The end of creativity
The Culture Creating AI is Weird. Here’s Why That Matters.
This may be the smartest podcast I’ve ever listened to. It’s hard to get a good and simple quote, but Erik Davis talks about how California’s counter-culture has been absorbed by the tech community and how AI is a kind of evangelical or absolutist religion.
So the exuberant embrace of the idea of uploading ourselves into computers … And so what you can imagine happening is rather than having it be some kind of spiritual transcendence is that it gets mutated into a technological possibility on the forward timeline. So rather than having it be something that I can transcend now through various esoteric practices, instead it’s something that’s adhering in the technological development is going to produce a moment in the future of something like transcendence. … We’re at this one inflection point of evolution, and we either jump on it or we don’t.
But I’m including the podcast in the creativity section because of this idea (which connects a lot to Hito Steyerl thoughts).
Far from serving away from a norm, these systems make the future by conservatively iterating the past. Even the apparent creativity of large language models relies on the novel shuffling of a gargantuan deck of cards that already exists.” … instead of being an opening to something totally different, completely unpredictable, it’s actually a narrowing to the completely predictable, literally built on prediction engines.
Striking movie and TV writers worry that they will be replaced by AI
I didn’t realize that AI was a serious topic in the ongoing writers strike.
No Writer Is Safe From AI
ChatGPT “is ‘good enough’ for most writers and editors”
All Consuming: AI
A podcast from photographer Noah Kalina, talking about how AI will impact photography.
Art and artificial intelligence
I was interviewed on this NPR 1A radio program.
The reality may be less interesting
Your job is (probably) safe from artificial intelligence
I love pieces like this in The Economist. It looks at previous technology innovations and their impact on global finance and suggests that significant impact, especially short-term, is exceedingly rare.
What does this [AI] mean for the economy? Many have grand expectations. … [one study] suggests that “widespread ai adoption could eventually drive a 7% or almost $7trn increase in annual global gdp over a ten-year period.” … A few economists, only half-jokingly, hold out the possibility of global incomes becoming infinite.

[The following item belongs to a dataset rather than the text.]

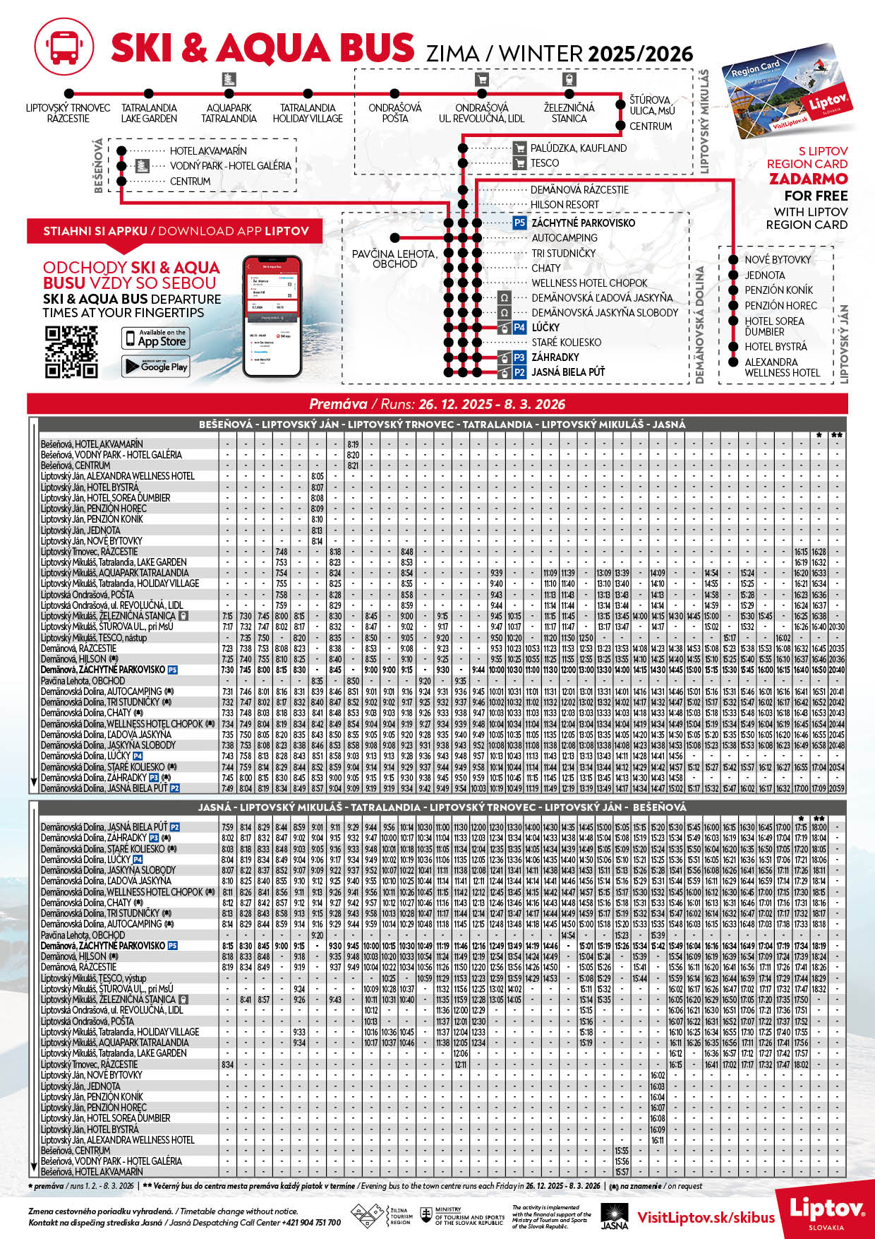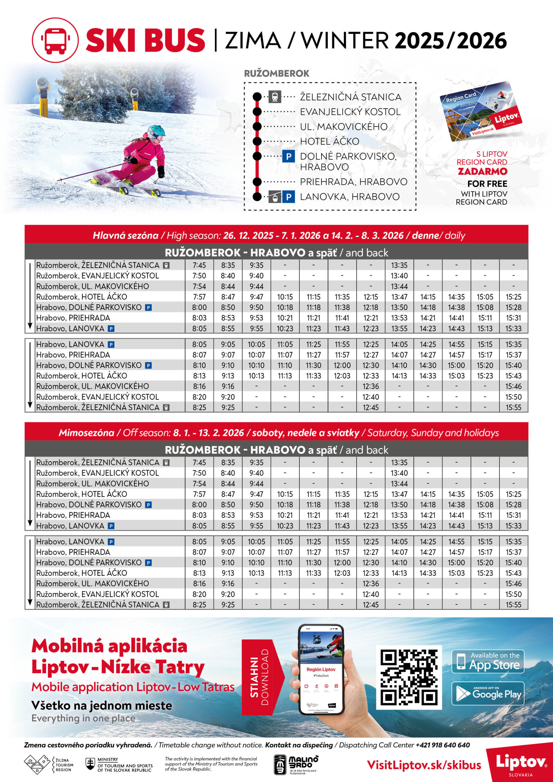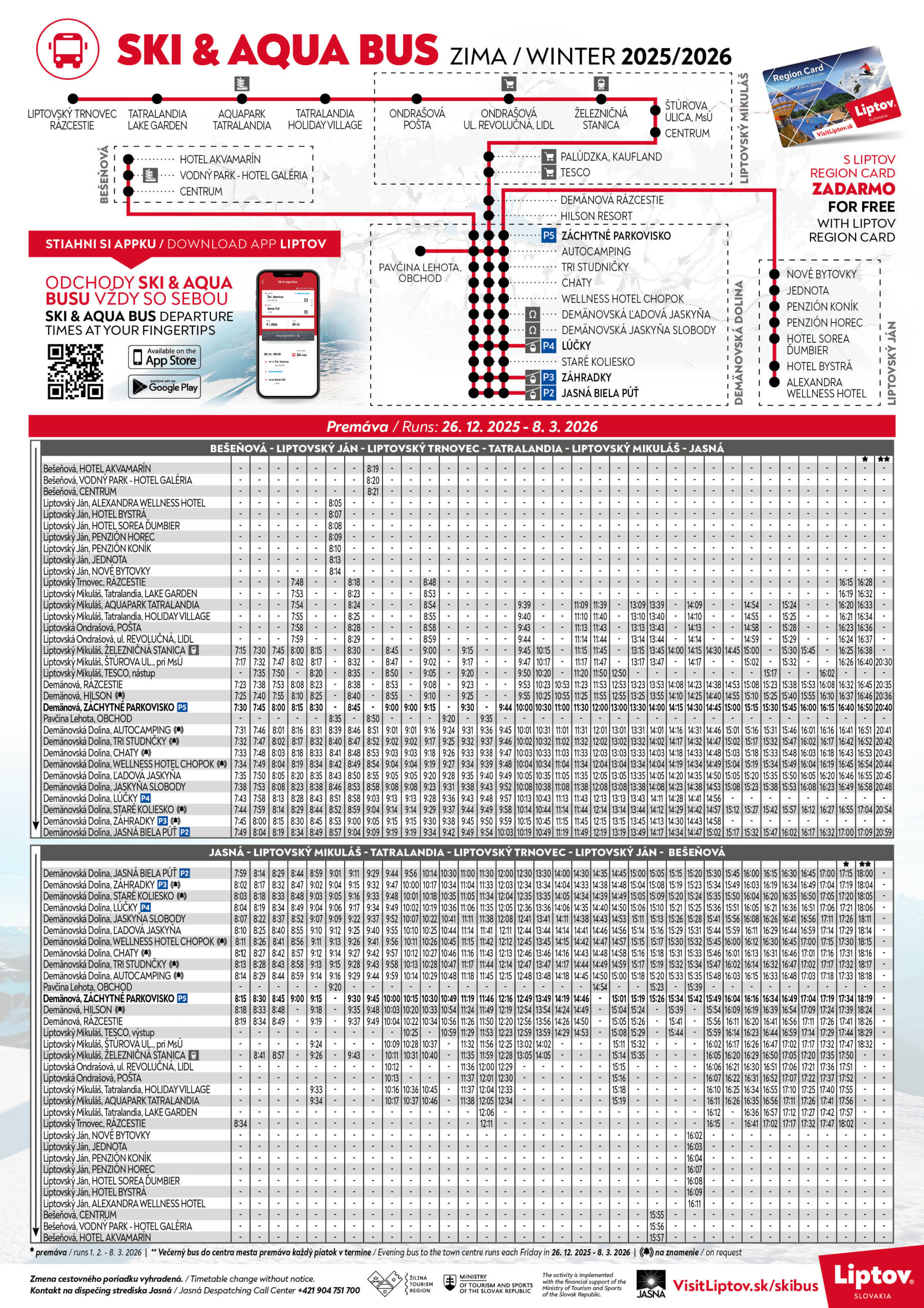 Skibus premáva od 26.12.2025 do 7.1.2026 a potom v mimosezóne 8.1.-13.2.2026.
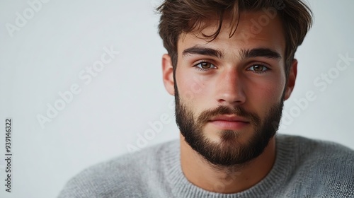 Isolated shot of young handsome male with beard mustache and trendy hairdo wears casual grey sweater has serious expression as listens to interlocutor poses in studio against white bac : Generative AI

[on the other hand] financial markets, the researchers conclude, “are not expecting a high probability of…ai-induced growth acceleration…on at least a 30-to-50-year time horizon.”
There’s so much more
I realize now that this collection of links barely scrapes the surface of the themes swirling around AI these days. And this post can never be complete. So I need to wrap it up.
I think I’ll take a step back and share one of my favorite quotes. It’s from Walter Benjamin’s 1940 essay “Theses on the Philosophy of History.”
A Klee painting named Angelus Novus shows an angel looking as though he is about to move away from something he is fixedly contemplating. His eyes are staring, his mouth is open, his wings are spread. This is how one pictures the angel of history. His face is turned toward the past. Where we perceive a chain of events, he sees one single catastrophe which keeps piling wreckage upon wreckage and hurls it in front of his feet. The angel would like to stay, awaken the dead, and make whole what has been smashed. But a storm is blowing from Paradise; it has got caught in his wings with such violence that the angel can no longer close them. The storm irresistibly propels him into the future to which his back is turned, while the pile of debris before him grows skyward. This storm is what we call progress.